The measure now goes to the Governor’s desk for consideration.

Senate Approves Bills to Protect Second Amendment Rights of Pennsylvanians

Two bills I supported in the Senate this week would ensure the Second Amendment rights of Pennsylvanians are protected during emergency declarations. Both bills were sent to the governor’s desk to be signed into law.

Under current law, the rights of law-abiding citizens to open carry firearms can be limited during a state of emergency. The Senate approved a bill that would ensure these rights are not infringed during a state of emergency. The bill would also ensure firearm sales are not prohibited during an emergency declaration.

The Senate also approved a bill that would establish the Hunting, Firearm, and Ammunition Life-Sustaining Business Act to ensure shooting ranges, sportsman clubs, hunting facilities and firearm and ammunition manufacturers, retailers and distributors are considered life-sustaining businesses that will not be shuttered by state government during an emergency declaration.

Bill Would Provide Flexibility for Teacher Certifications, Keystone Exams

Schools would have more flexibility to respond to the challenges posed by the COVID-19 pandemic under legislation that was approved by the Senate this week. The bill would ease many certification and staff development requirements that are difficult to fulfill during the pandemic and extend certain emergency permits when staff development requirements cannot be completed.

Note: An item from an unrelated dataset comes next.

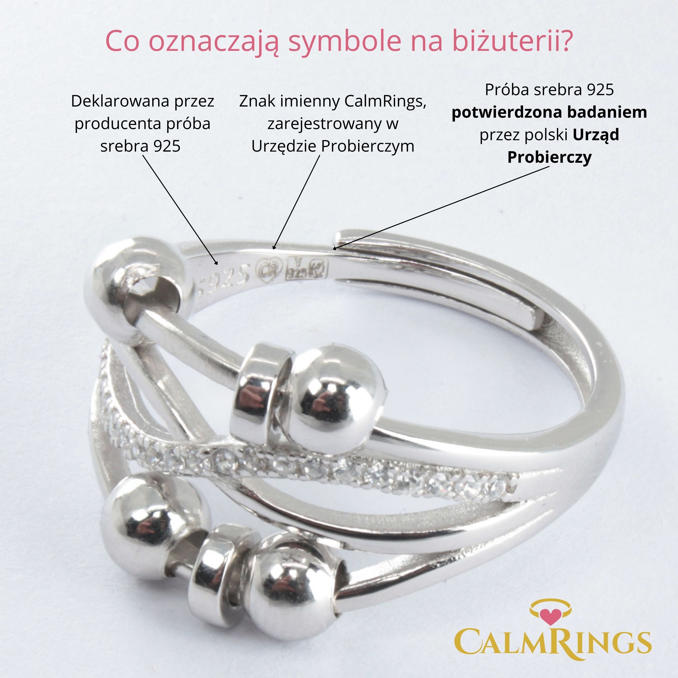 Każdy srebrny pierścionek CalmRings wykonany jest z prawdziwego srebra próby 925, ocechowany przez Polski Urząd Probierczy i oznaczony znakiem imiennym CR w serduszku (nr ewidencyjny: 13 757). Masz pewność, że wybierasz produkt najwyższej jakości.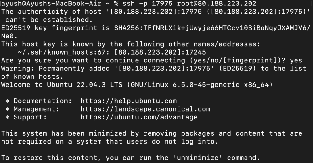 Now open your terminal and paste the proxy SSH IP or direct SSH IP.

The bill would also delay the use of the Keystone Exams as a graduation requirement until the 2022-23 school year. Additional provisions are also included to deal with problems related to pupil transportation.

The bill now goes to the Governor for his approval.

Senate Sends Broadband Expansion Bill to the Governor

Legislation that would create a grant program to extend deployment of broadband services in underserved areas of the state earned final approval in the Senate today and was sent to the governor to be signed into law.

Senate Bill 835 would provide funding to improve access to high-speed broadband internet in rural areas of Pennsylvania, which currently do not have access to reliable networks. The bill creates the Unserved High-Speed Broadband Funding Program, which will provide funding to nongovernmental entities to build and operate a high-speed broadband service in underserved communities.

Funding would be provided only to entities that have demonstrated the ability to construct and administer internet services. Grant recipients would be required to provide at least 25 percent of the funding for the project.

Access to broadband has become even more crucial during the COVID-19 health crisis, connecting residents with services and information they would otherwise not have access to. It is also important to those who tele-work, senior citizens, fire and emergency workers and students who are taking classes remotely.

The new grant program would be administered by the Commonwealth Financing Authority.

Legislation Supports Organ and Tissue Donation

The Robert P. Casey Memorial Organ and Tissue Donation Awareness Trust Fund was created in 1994 to encourage residents to become organ donors. The program allows Pennsylvanians to voluntarily donate $3 to the fund through a check-off box when they renew driver licenses, photo ID cards and vehicle registrations.                                                                                                                         

The General Assembly approved a bill recently that updates the program to reflect the fact that Pennsylvanians can now complete vehicle registrations on a biannual basis. The legislation allows state residents to donate $6 instead of $3 when they complete a biannual registration.